Weekly Round Up, 01 November 2017
Published on Oct 31 2017 5:36 PM
Coca-Cola has said that it may be forced to ‘review’ its Irish operations, should border tariffs be introduced following Brexit, according to a report by The Sunday Times in the UK. The paper recently published part of a July letter, signed by Petre Sandru, Coca-Cola Ireland country manager and Matthie Seguin, general manager, which said that possible Brexit-imposed tariffs could threaten the group’s Irish business. The letter read, “The uncertainty of Brexit compounds the enormous pressure the [sugar] tax will ave on our business and threatens our ability to continue to invest in our operations here, and to maintain and grow our direct and indirect levels of investment.”
HB Hazelbrook Farm has launched a new campaign fronted by television presenter and mum-of-two, Karen Koster, encouraging families to “share a little magic” in their daily lives, by taking time to enjoy the simple things in life. As part of the campaign, it has conducted a survey which reveals 83% of adults believe they had a simpler childhood than children today, and that a third of parents feel that playing with their children makes them feel like a kid again (33%).
Tetra Pak has launched the Tetra Fino Aseptic 100 Ultra MiM, which it describes as a new package that offers an opportunity for customers to produce liquid dairy and juice drinks using their existing production processes, and market them as ice creams and frozen products. The new package allows dairy and juice drinks to be produced and distributed in small carton pouches at room temperatures, and turned into frozen products in shops or in a consumer’s home.
Bawnbua Foods has reported its business in the food ingredients sector grow by 50% following an investment of half a million pounds in its production facilities in Northern Ireland and Greater Manchester. The company, which is a supplier of chilled and frozen meats to international supermarket chains and specialist food retailers, claims to now be one of the few businesses in the UK with the capacity to offer both chilled and frozen pre-cooked meat proteins to the wider food manufacturing industry.
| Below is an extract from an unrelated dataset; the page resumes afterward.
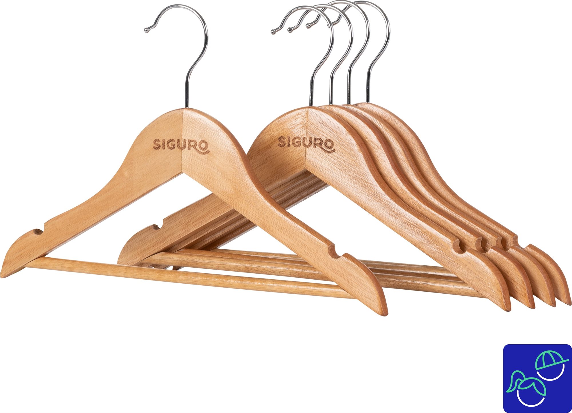 Vešiak – z certifikovaného eukalyptového dreva, detská veľkosť, nosnosť 5kg, otočný kovový háčik, tyč na nohavice, rozmery 195×12×305mm, hmotnosť 80g Vešiaky Siguro Essentials KidsVybavte detskú šatníkovú skriňu vešiakmi Siguro Essentials Kids z certifikovaného eukalyptového dreva, ktoré sa vyznačujú predovšetkým optimálnou veľkosťou na detské oble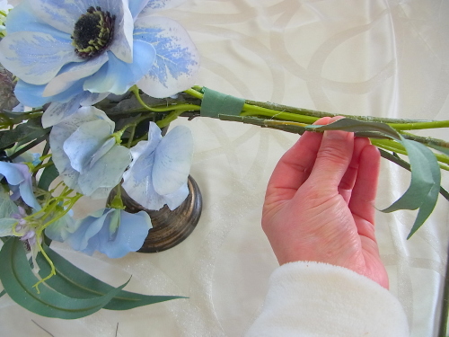 イメージが決まったら、一度解放して、V字のユーカリに1~2本、置いてはビニールテープで巻き留めます。

Marks & Spencer's head of clothing, Jo Jenkins has resigned just a number of weeks after taking on the role, reports Sky News. Jenkins, who was director of clothing and beauty at the UK retail giant, is now reported to be joining clothing chain, White Stuff. Jenkins' departure has been described as a blow for CEO Steve Rowe business, as the company prepares for the upcoming Christmas season.
Amazon has reported that its net sales increased by 34% to $43.7 billion (around €37.5 billion) in the third quarter of the year. This figure includes $1.3 billion in sales from US organic grocery chain Whole Foods Market, which was acquired by Amazon in August in a $13.7 billion deal. Operating income decreased by 40% to $347 million in the third quarter, however, net income rose to $256 million.
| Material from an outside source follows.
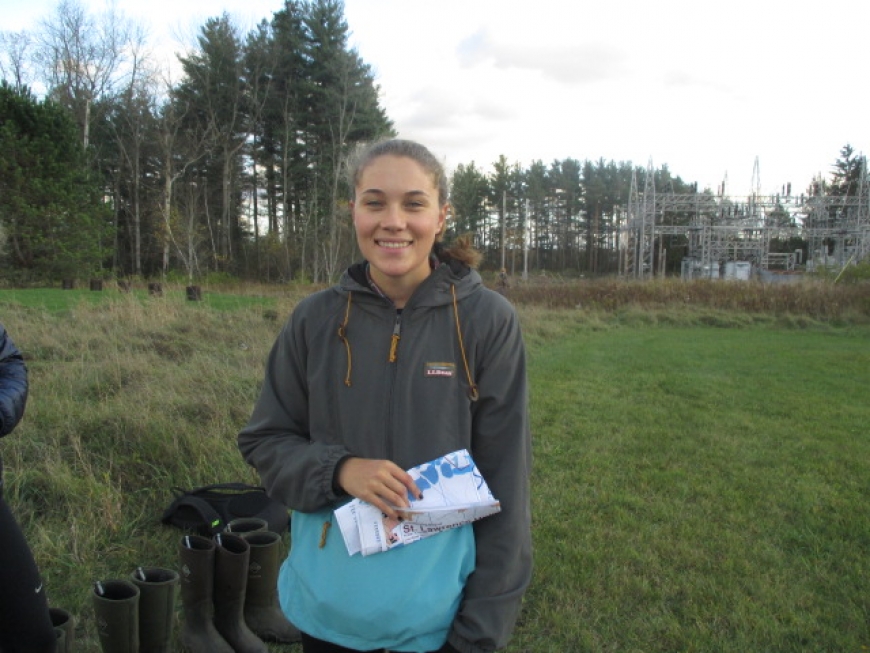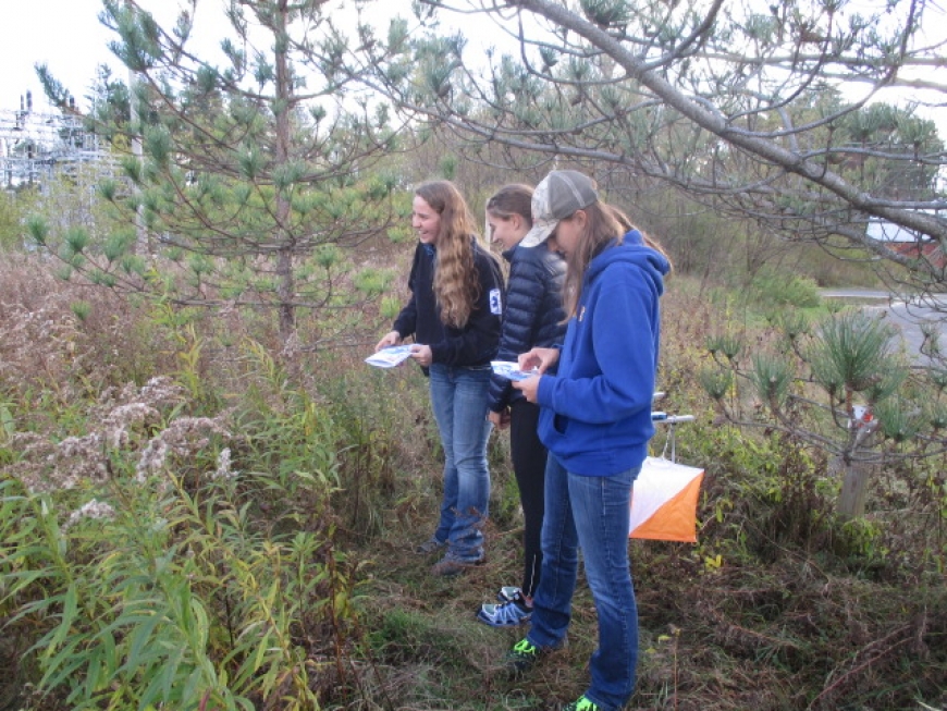 The permanent St. Lawrence Orienteering Course officially launched Friday, November 3rd! The course begins at the Wachtmeister Field Station, near the Kip Trail, and highlights some of the interesting geologic features in the surrounding forest. Thanks to everyone who came out to test the course, despite wetter than wanted conditions. We enjoyed seeing students and community members share map and compass skills and bond over a shared appreciation for time spent out wandering the woods. Special thanks to the SLU GIS program and student technician Anna Breton for creating the course map, and to Brian Berg for setting up the course.

The challenge posed by Brexit to the dairy industry was highlighted at International Dairy Federation's (IDF) World Dairy Summit this week. Speaking at the IDF Summit in Belfast, Tomas Pietrangeli, UK managing director of Arla Foods, said the industry was facing 'the biggest seismic change in the political and financial landscape in our lifetime'. He commented, “The end of free trade is a major risk. In order to protect the health of the dairy industry in the UK we need to have tariff-free and barrier free trading conditions. We are a business and an industry that make a significant contribution to the dairy industry and the wider UK economy.”